British history books are filled with accounts of wars and great commanders. The names of generals such as Marlborough, Wellington, Montgomery, Slim, Havelock, Clive and Wolfe spring from the pages, faces that peer from the powder-smoke and reap the rewards of bravery and skill. However, until relatively recently, the ordinary soldier was not considered. He filled the ranks, obeyed orders, endured incredible suffering and was then discarded to die in poverty.
In the days of the scarlet-coated solder, a few, a tiny percentage of the whole, might have been unbelievably fortunate and survived years in the ranks to come home with sufficient money to live a comfortable old age. The vast majority did not. Disease killed many more than shot and shell. Bad diet, harsh discipline and extremes of weather wore out men so the Army was constantly searching for recruits to take the King or Queen’s fatal shilling. Few of these men told their story. Their lives were often tragic, brutal and short.
However, there is always an exception to the rule.
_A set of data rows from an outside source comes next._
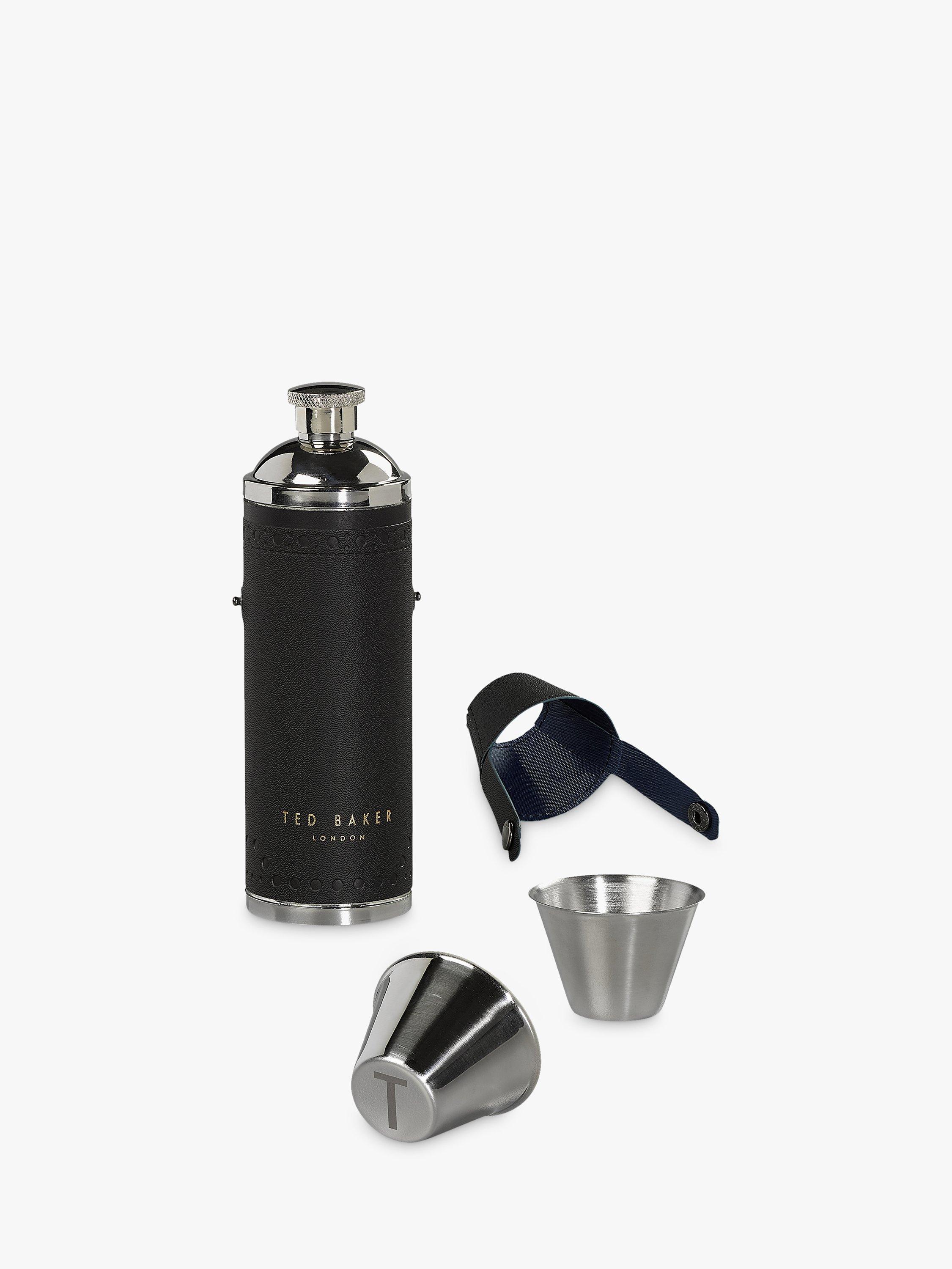 Complete with soft touch faux-leather casing, the drinkware accessory is complemented by a protective, black Brogue Monkian print sleeve with Ted Baker branding. Stylish and practical, it features a screw top lid with two stainless steel shot cups stored in the cap and is ideal for enjoying your favourite tipple on the go.
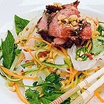 Add cucumber, carrot, onion, coriander, mint and basil to noodle mixture; toss to coat. Divide among bowls or plates; top with steak and sprinkle with peanuts.
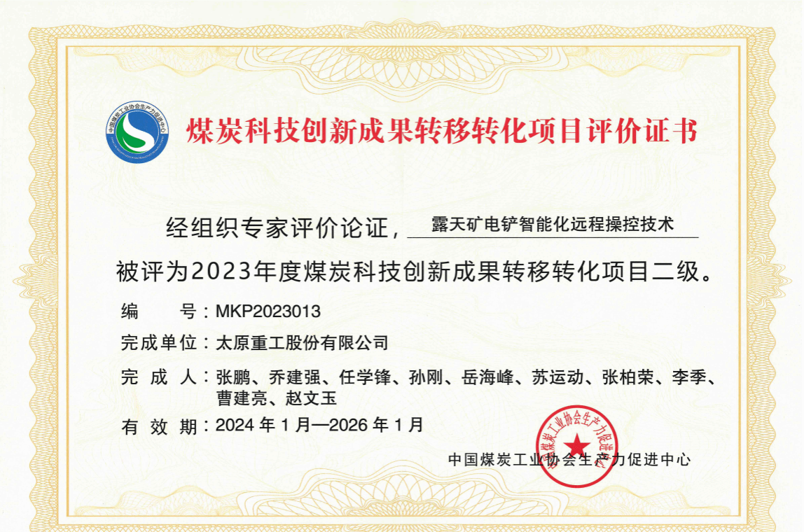 近日,公司“露天礦電鏟智能化遠(yuǎn)程操控技術(shù)”成果,在中國(guó)煤炭工業(yè)協(xié)會(huì)生產(chǎn)力促進(jìn)中心組織的2023年度煤炭科技創(chuàng)新成果轉(zhuǎn)移轉(zhuǎn)化項(xiàng)目評(píng)價(jià)中,被評(píng)為煤炭科技創(chuàng)新成果轉(zhuǎn)移轉(zhuǎn)化項(xiàng)目二級(jí)。
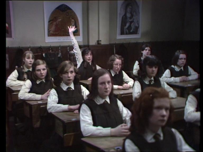 男性教師とのつきあいが活発なのも、規律を損ねるものだ。ふたりで教室にいて生徒たちにあやしまれるシーンもあった。相手は美術教師(テディ)だったが、ばつが悪く2年後に14歳になると習うことになる先生だと、生徒たちに紹介している。妻帯して子どもが6人もいたが、言い寄られると、否定はするのだが抱きすくめられると拒みきれないで、突然扉を開いた生徒にキスをしているのを見られてしまう。生徒は隠しているが、仲間の追求をかわせずに、しゃべりはじめると子どもたちの興味は、ますます拡大していく。
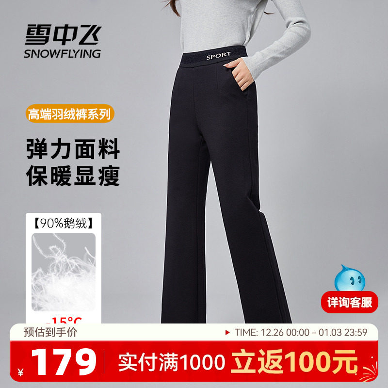 雪中飞25春秋新女高腰鹅绒羽绒裤黑色保暖护膝抗寒休闲百搭微喇
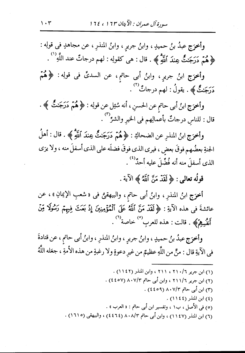 وأخرج ابن جرير ، وَابن أبي حاتم من طريق العوفي عن ابن عباس {هم درجات عند الله} يقول : بأعمالهم
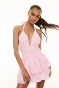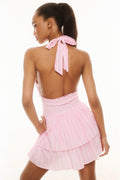 Everyone’s favorite Deanna Halter Dress is back as part of our Upcycled Icons Collection, a limited-edition, sustainable capsule featuring our best-selling silhouettes made from remnant LoveShackFancy fabrics. This low-cut convertible halter ties in a generous bow at the neck and can be crossed at front. Below a wide smocked waistband, the skirt flares to smaller details at the hips and two ruffled tiers.
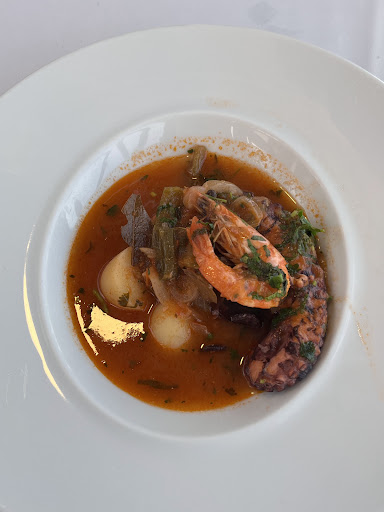 We had the “silver” seafood platter which has Oysters, Mussels, Boiled Prawns and Crab—everything tasted so fresh and the sauces were so delicious. The Octopus confit with smoked Sausages Polenta and Pepper Coulis was tender, the Sautéed Scallops with Apple Pickle and Lemon Gel is perfectly cooked, and Razor Clams in Bulhão Pato style is succulent and sweet. We also ordered the octopus with mussels and shrimp cataplana, and the portion size was very generous, great for 5 people, and the waiter distributed each plate with equal amount of octopus, mussels and shrimp. When we finished the meal, the sunset glow gave such a wonderful ambiance, with great food, old friends reunited, and pleasant conversation. It made the whole dinning experience more memorable. Highly recommend this...
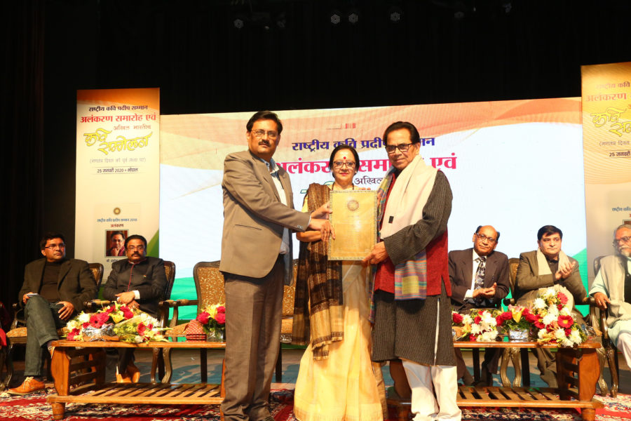 गणतंत्र दिवस की पूर्व संध्या पर संस्कृति विभाग द्वारा रविंद्र भवन में अखिल भारतीय कवि सम्मलेन आयोजित किया गया। इस अवसर पर वरिष्ठ साहित्यकार श्री अशोक चक्रधर, नई दिल्ली को राष्ट्रीय कवि प्रदीप सम्मान 2018 से अलंकृत किया गया। प्रमुख सचिव, संस्कृति श्री पंकज राग ने श्री चक्रधर को सम्मान प्रदान किया। सम्मान-स्वरूप दो लाख रुपए, शाल और प्रशस्ति-पत्र भेंट किया गया। इस अवसर पर कवि स्वर्गीय प्रदीप जी की बिटिया मितुल प्रदीप भी उपस्थित थी।
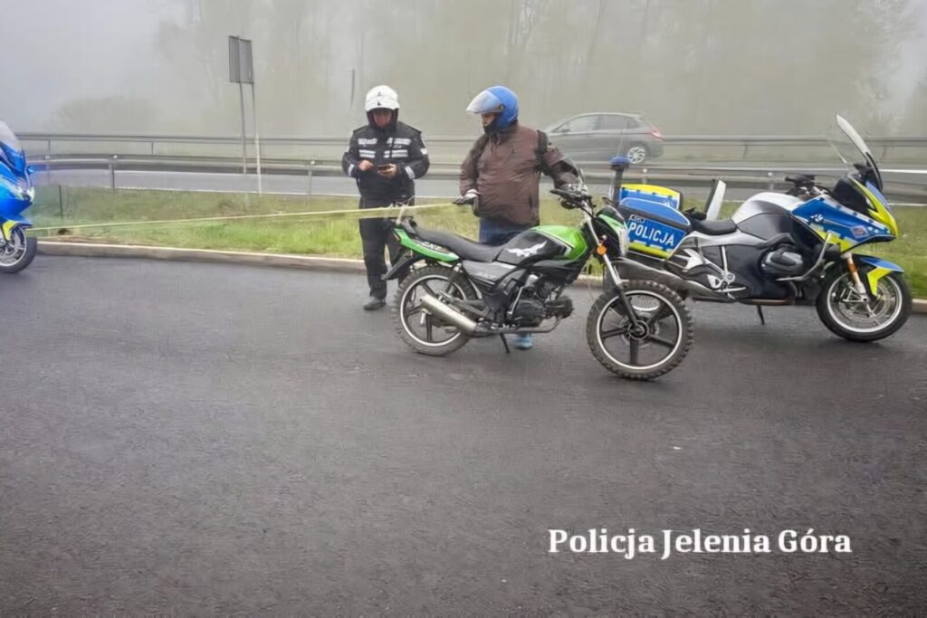 Kilka dni temu funkcjonariusze Ruchu Drogowego Komendy Miejskiej Policji w Jeleniej Górze patrolując na motocyklach drogę krajową nr 3 zwrócili uwagę na jadącego przez miejscowość Radomierz motorowerzystę.
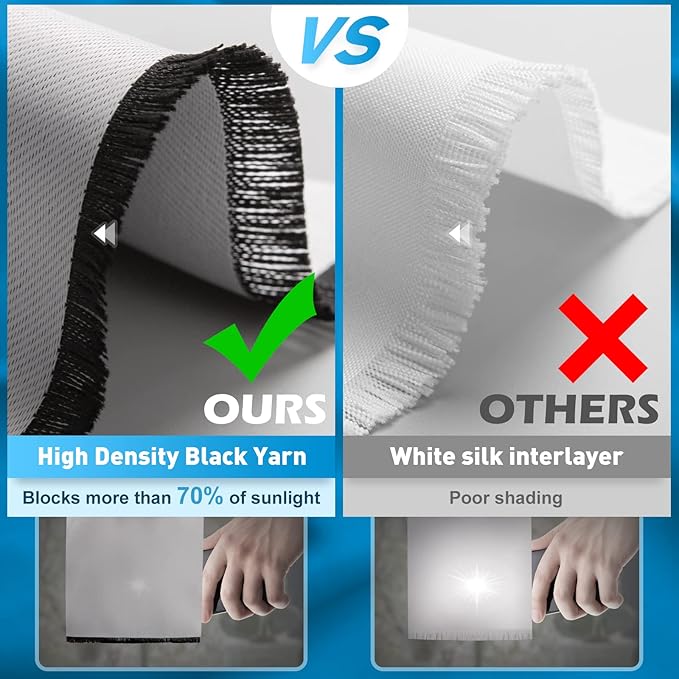 - Multiple Function: 70% Blackout, 100% Privacy Protection. Our curtains have great room decoration functions, add fun to the room, suitable for home, office, bedroom, living room, bathroom, dining room, dorm, classroom, nursery, outdoor patio, gaming room, school, library, kitchen, closet, door.
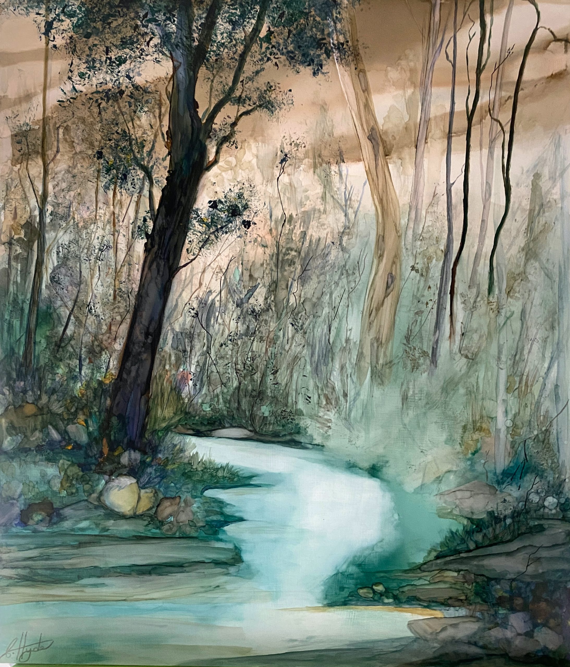 Meandering Creek by Christine Hyde – A serene landscape of a Meandering mountains Creek, created using professional grade alcohol inks, hand-painted onto a cradled wooden art panel. It depicts a familiar landscape of the Blue Mountains of New South Wales Australia which is where this Artist lives and creates her paintings. The intimate sense of place is recorded here, always at the core of her art practice. The muted earth tones reflect the quiet time of day, soft blue, teal, light brown, white
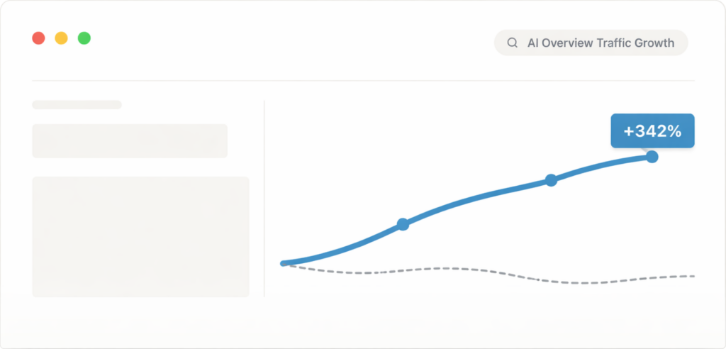 Google’s market share has dipped below 90% for the first time in a decade. With AI Overviews, users aren’t clicking links anymore — they’re reading summaries. If your brand isn’t the source of that summary, you’re invisible.
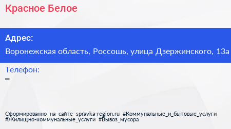 Красное & Белое по адресу Воронежская область, Россошь, улица Дзержинского, 13а в дальнейшем Организация, размещена в следующих категориях:
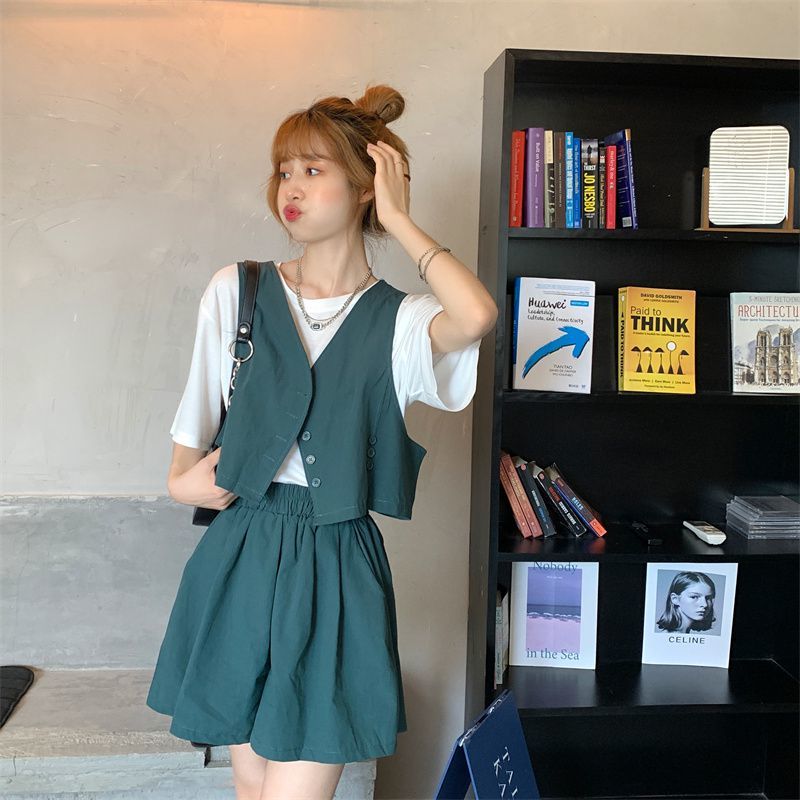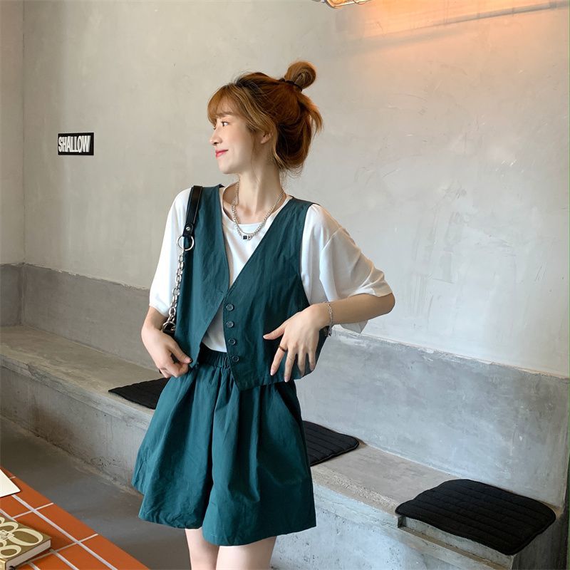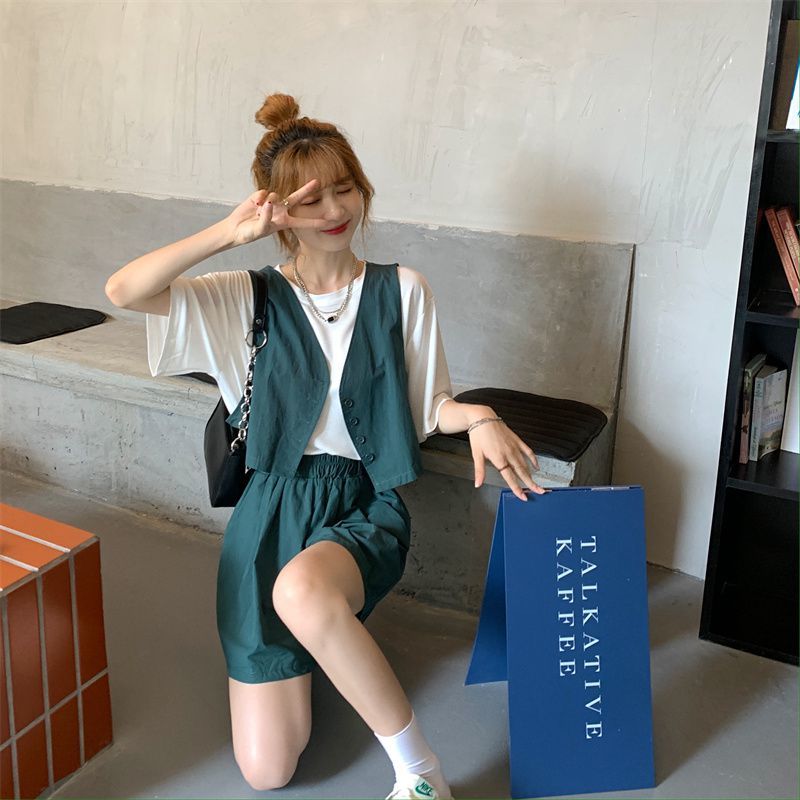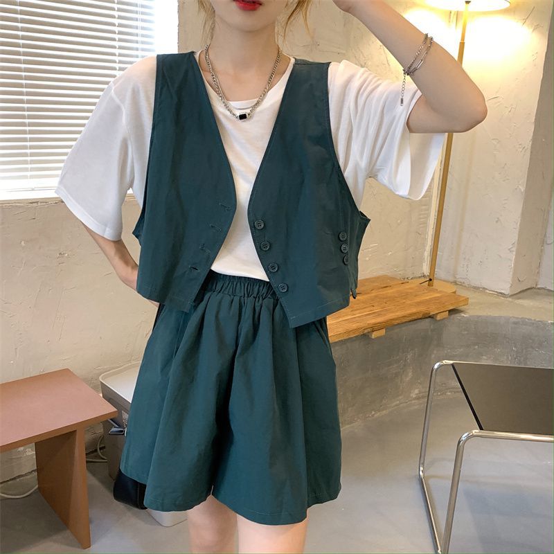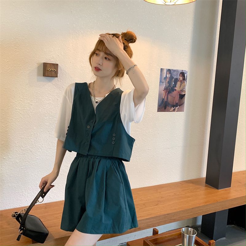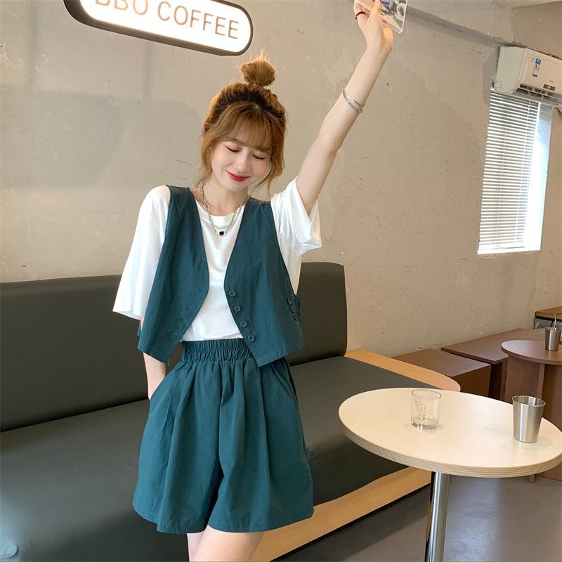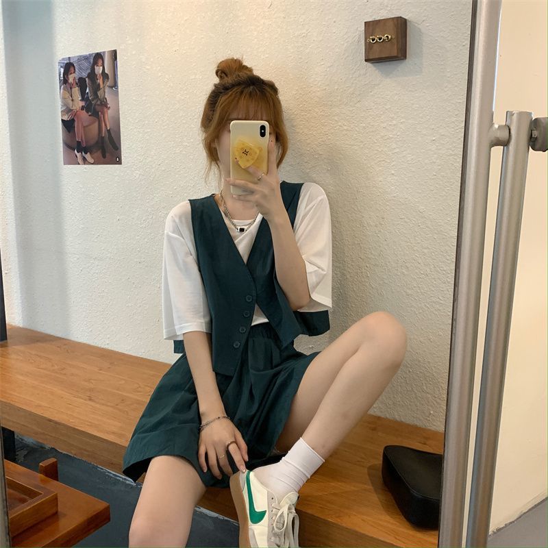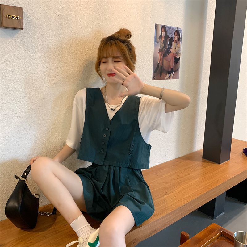 小马甲/短裤套装新款复古小众西装马甲外套短裤T恤时尚薄款两件套
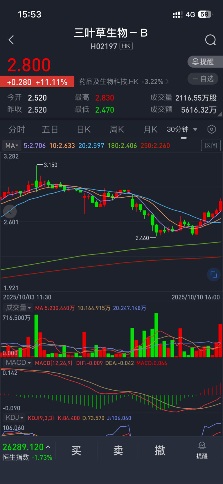 $三叶草生物-B(HK|02197)$ 15:30(30分钟线)以后,放量上涨。厉害。持股待涨!必须赚大钱再走。
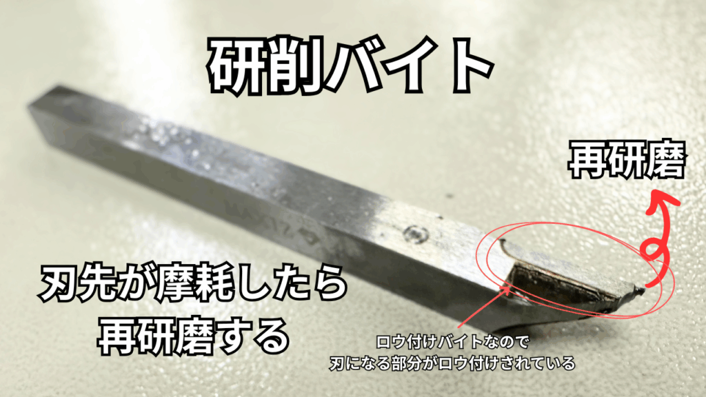 バイト全体が一体構造の工具で、グラインダーなどで刃形を研削して使うタイプです。
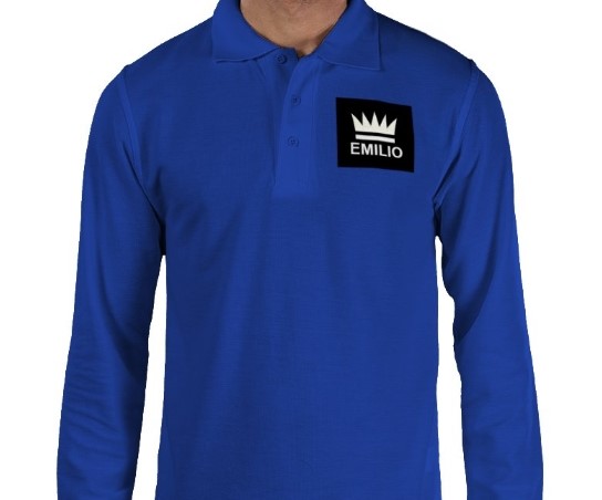 Emilio men's royal blue 3 button long sleeve polo classic size large with cuffed hems and comfortable 50% Cotton, 50% Polyester.

Sergeant Donald McLeod began his career in the Royal Scots, the First of Foot, Pontius Pilate’s Bodyguard and the oldest line regiment in the British Army. He must have been effective for at the age of 17 McLeod was promoted to sergeant. He was never to rise higher. McLeod was no parade-ground soldier, for he fought at Marlborough’s battles of the Schellenberg in 1704, Blenheim in 1704 and Ramilles in 1706.
With the outbreak of peace between the King of Scotland and England and King Louis XIV of France, McLeod improved his fencing, becoming the champion swordsman of the Royal Scots. He had various contests with famous opponents, defeating a French officer, a French sergeant, a German officer and a famous Irish giant named MacLean. This last bout took place in Dublin and was preceded by a handshake when the giant squeezed McLeod’s hand so hard he could barely use it. Naturally angered, MacLeod entered the fray with his temper high and lopped off the Irishman’s arm.
According to legend, McLeod fought at the Battle of Sheriffmuir, during the Jacobite Rising of 1715, but as the Royal Scots were in Ireland at the time, he either transferred to the Royal Scots Fusiliers or was not present. Legend says he killed two Frenchmen at the battle, and was wounded himself. McLeod was also said to have cut the sporran-strap from Captain MacDonald of Knoydart, a prominent Jacobite.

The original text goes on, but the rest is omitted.